Только «кое-что»: видного чиновника, оратора. Поэт, я думаю, приходится уже 1 на 100000; Пушкин — 1 на биллион «русского народонаселения».
Вообще золота очень мало, оно очень редко. История идет «краешком», «возле болотца». Она, собственно, не «идет», а тащится. «Вон-вон ползет туман, а-громадный». Этот «туман», это «вообще» и есть история.
Мы все ищем в ней игры, блеска, остроумия. Почему ищем? История должна «быть» и даже не обязана, собственно, «идти». Нужно, чтобы все «продолжалось» и даже не продолжалось: а чтобы можно было всегда сказать о человечестве: «а оно все-таки есть».

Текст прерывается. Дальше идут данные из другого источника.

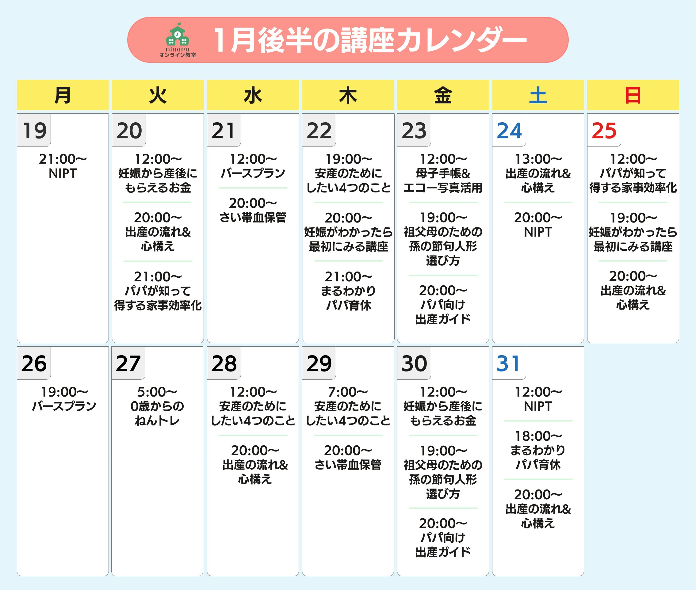 ninaruでは、さまざまな内容の無料オンライン講座を開催しています。夜の時間帯や土日に開催している講座もあるので、ぜひチェックしてみてくださいね。

«Есть». И Бог сказал: «Плодитесь и множитесь», не прибавив ничего о прогрессе. Я сам — не прогрессист: так почему же я так печалюсь, что все просто «есть» и никуда не ползет. История изнутри себя кричит: «не хочу двигаться», и вот почему читают Кареева и Когана. Господи: мне же в утешение, а я так волнуюсь. Почему волнуюсь?
29. II1916
Он ведь соловушка — и будет петь свою песню из всякой клетки, в которую его посадят.
Построит ли ему клетку Метерлинк и назовет его «Синей Птицей» [33].
Новый Т.Ардов [34] закатит глаза — запоет: «О, ты синяя птица, чудное видение, которое создал нам брюссельский поэт. Кого не манили в юности голубые небеса и далекая незакатная звездочка…»
Или построит им клетку Л.Толстой и назовет ее «Зеленой палочкой» [35]
И скажет Наживин [36]:
«Зеленая палочка, волшебный сон детства! Помните ли вы свое детство? О, вы не помните его. Мы тогда лежали у груди своей Матери-природы и не кусали её.
Это мы, теперь взрослые, кусаем ее. Но опомнитесь. Будем братья. Будем взирать на носы друг друга, закопаем ружья и всякий милитаризм в землю. И будем, коллективно собираясь, вспоминать зеленую палочку».
Русскому поэту с чего бы начать, а уж продолжать он будет.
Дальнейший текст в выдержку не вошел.